A final gear 16 a, which is an element of the transmission-gear-train 16, is mounted coaxially with the rotating shaft of roller 13 on one end of roller 13. Further, a rotary detector 17 is also mounted coaxially with the rotating shaft of roller 13 at an outer side of final gear 16 a.

About the entire rim of rotary detector 17, a plurality of radially extending slits are formed at equal intervals. A detecting sensor 18 is disposed at a predetermined place with respect to rotary detector 17 for detecting positions of each slit to be detected (detection portion). Detecting sensor 18 comprises a light-emitting-section and a light-receiving-section. The light-emitting-section irradiates detecting-light to rotary detector 17. The light-receiving-section is disposed opposite the light-emitting-section with respect to rotary detector 17, and receives the detecting-light irradiated from the light-emitting-section. When rotary detector 17 rotates accompanying the rotation of gear 16 a, numbers of light-shadings and light-transmissions of the detecting light due to movement of the slits are recognized by the light-receiving-section. Thus a rotating angle of rotary detector 17 is detected, and the rotating volume of transfer motor 15, i.e., feeding-amount of recording paper 5 can be detected.

Detecting sensor 18 is not limited to the transmission type detector discussed above, and a reflecting type detector can be employed, for which both the light-emitting-section and the light-receiving-section are disposed at the same side of the rotary detector. Thus the light from the light-emitting-section reflects on the rotary detector and the reflected light can be detected by the light-receiving-section.

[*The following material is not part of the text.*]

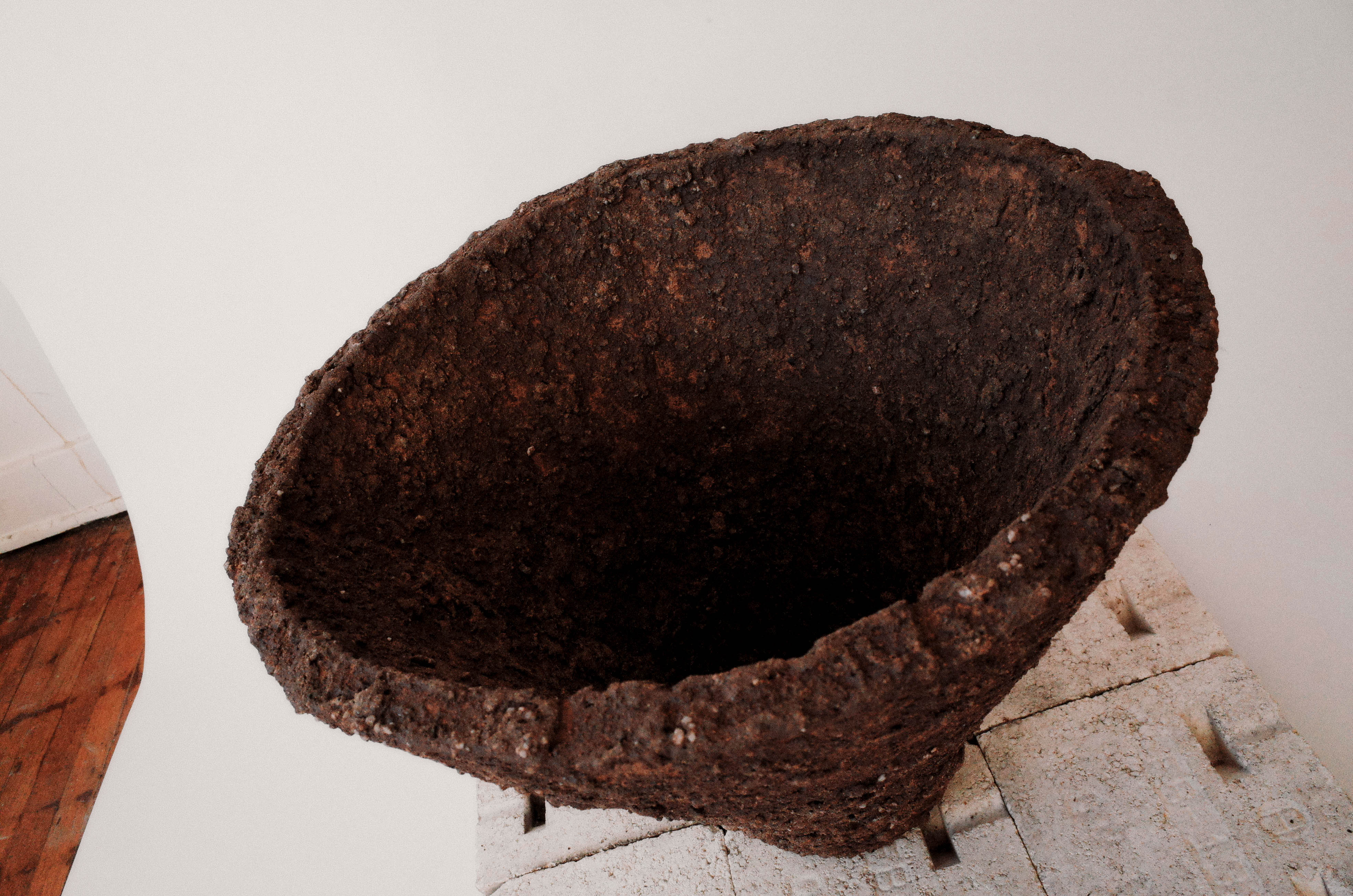 These ceramic forms illicit movement yet are inherently still. The conical shape creates motion by simultaneously pulling you into the form while looking at it from above and pushing your eye out and upwards when viewed straight on. Each opposing force working seamlessly together creates a tension and anxiety. However, this is calmed and soothed with the stillness of the final piece, keeping you frozen between two actions.

A pair of discharging rollers 19 (19 a, 19 b) for pinching and discharging recording paper 5 outside the apparatus are disposed in front of transfer roller 13 in the transfer direction (Y direction) of recording paper 5. Discharging rollers 19 synchronously rotate with roller 13.

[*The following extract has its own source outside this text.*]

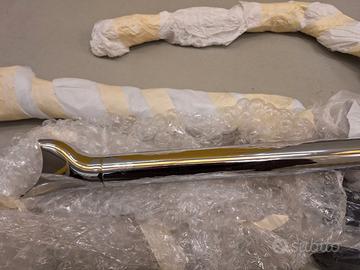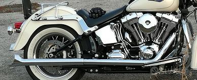 Cedo per passaggio a scarico più silenzioso, eccezionale scarico prestazionale completo della Vans&Hines con terminali Fishtail. Completo delle staffe necessarie al montaggio su softail. Io lo montavo sulla mia Heritage 2014, le foto allegate sono dello scarico in oggetto. Condizioni molto buone, qualche leggero normale segno di utilizzo, Importante mai caduto, mai grattate. NO BOTTE. Ricordo che questi scarichi sono fuori produzione. Non più acquistabili da nuovi. Indispensabili per dare un tocco chicano style. Se li trovo, a chi li acquista regalo i buffle da montare internamente per attutire un pò il sound (pagati nuovi quasi 100 euro ed usati pochi km). Preferisco scambio a mano per visionare articolo e anche per ingombro dell'oggetto. Posso predisporre una spedizione cercando di imballare nel migliore dei modi, ma la merce viaggia a rischio Vostro. Cortesemente no perditempo. grazie

As shown in FIG. 1, a main tank 20 is disposed between pinch roller 14 and transfer motor 15. Main tank 20 comprises four

tanks

20 a, 20 b, 20 c and 20 d, in which black ink, yellow ink, magenta ink and cyan ink are held, respectively. These four tanks are aligned in X direction and rigidly mounted to the apparatus.

Respective

main tanks

20 a, 20 b, 20 c and 20 d are coupled to corresponding

sub-tanks

3 a, 3 b, 3 c and 3 d through four

flexible tubes

21 a, 21 b, 21 c and 21 d (collectively, 21) so that the ink in the main tanks can be supplied to the sub-tanks. A coupling member 22 is disposed in front of main tank 20 in the Y direction. The four tubes 21 are bound together and aligned vertically by coupling member 22. The four tubes 21 extend in the Y direction, then turn along the X direction toward pulley 8, and are bowed before extending oppositely in the X direction, and finally arrive at carriage 2. When carriage 2 moves in the X direction, the bowed section of tube 21 moves accordingly, so that carriage 2 can travel smoothly.

Sub-tanks 3 reserve the enough ink to print several sheets of recording paper 5 of A4 size. The inks in sub-tanks 3 are ejected during the printing. Then sub-tanks 3 are supplied with the inks from main tanks 20 while the next recording paper 5 is fed in.

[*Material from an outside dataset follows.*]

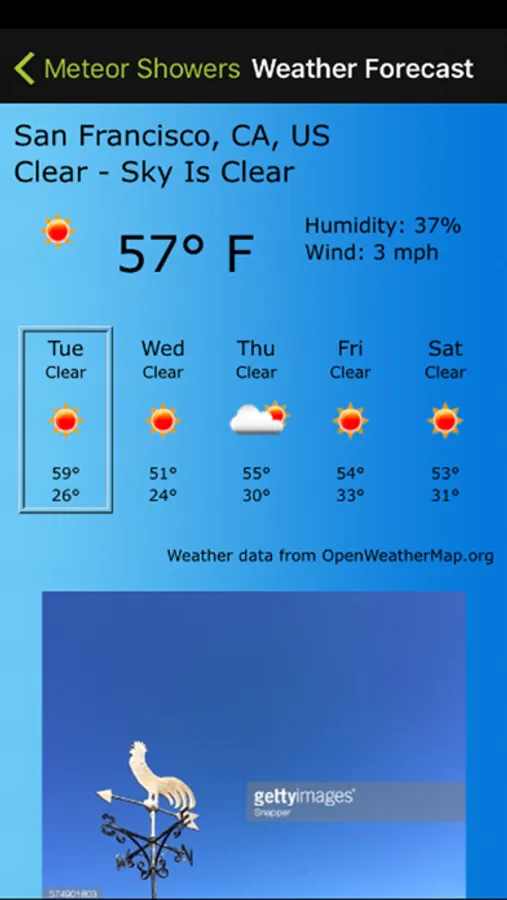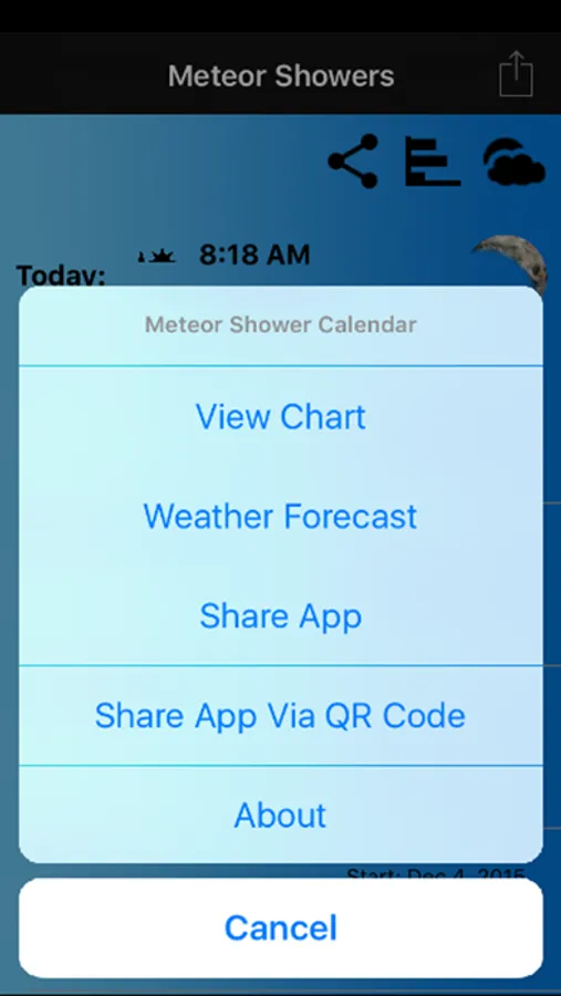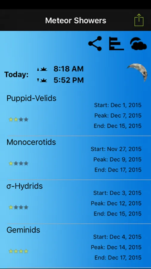 Would you like to know when the next meteor shower is? This app will display a list of upcoming meteor showers and the approximate date in which they will peak with specific details on each.

As such, sub-tanks 3 are provided to carriage 2, thereby speeding up ink-supply and preventing ink-shortage. The sub-tanks 3 are so small that the carriage 2 is overall light in weight, thereby speeding up the traveling speed of carriage 2 as well as downsizing the apparatus due to narrowing of the required traveling space of carriage 2.

Besides one end of the tubes 21, one end of a flexible cable 23 is connected to a side face of carriage 2. Cable 23 transmits a printing signal, for ejecting the ink from heads 1, from a printing signal generator (not shown) to driving circuit 4. The printing signal transmitted via cable 23 drives the piezoelectric element, so that the inks are ejected from the nozzles of heads 1.

At the position opposite to the home position of carriage 2 on the first side of the apparatus in the X direction, a purge-unit 24 is disposed on the second side of the apparatus in the X direction. This purge-unit 24 is a suction machine attached to the nozzles of head 1 for sucking ink and thereby cleaning the nozzles. Purge-unit 24 comprises a cap 24 a, an ink-discharging-tube 24 b and a suction pump 24 c.

Cap

24 a moves in a Z direction (perpendicular to the X and Y directions) and sticks to head 1 so that openings of all the nozzles of head 1 can be covered. The shielded space-formed by sticking cap 24 a to head 1-communicates with wasted-ink-container 25, disposed adjacent to main tank 20, through tube 24 b.

Suction pump

24 c is disposed at the middle of tube 24 b, sucks ink from the nozzles, and then discharges it into container 25.

A wiper 24 d, which is made of rubber, is disposed near cap 24 a and is movable in the Z direction independently of cap 24 a and wipes the nozzles' faces. Wiper 24 d sticks to the nozzles' faces and retreats therefrom. When wiper 24 d is urged against the nozzles' faces, carriage 2 is moved in the scanning direction (X direction), so that wiper 24 d moves with respect to the nozzles' faces and the ink attached to the nozzles' faces can be wiped off.

Next, rotary detector 17 is detailed. As shown generally in FIG. 2, rotary detector 17 is disposed within a height “H” of transmission gear-train 16. The height of transmission gear-train 16 refers to any of the following three heights, i.e., H1, H2 and H3:

“H1”: As shown in FIG. 3, when the inkjet recording apparatus is placed on a horizontal plane, the distance between the horizontal line running at the lowest end of gear-train 16 and the horizontal line running at the highest end of gear-train 16 is referred to as height “H1”.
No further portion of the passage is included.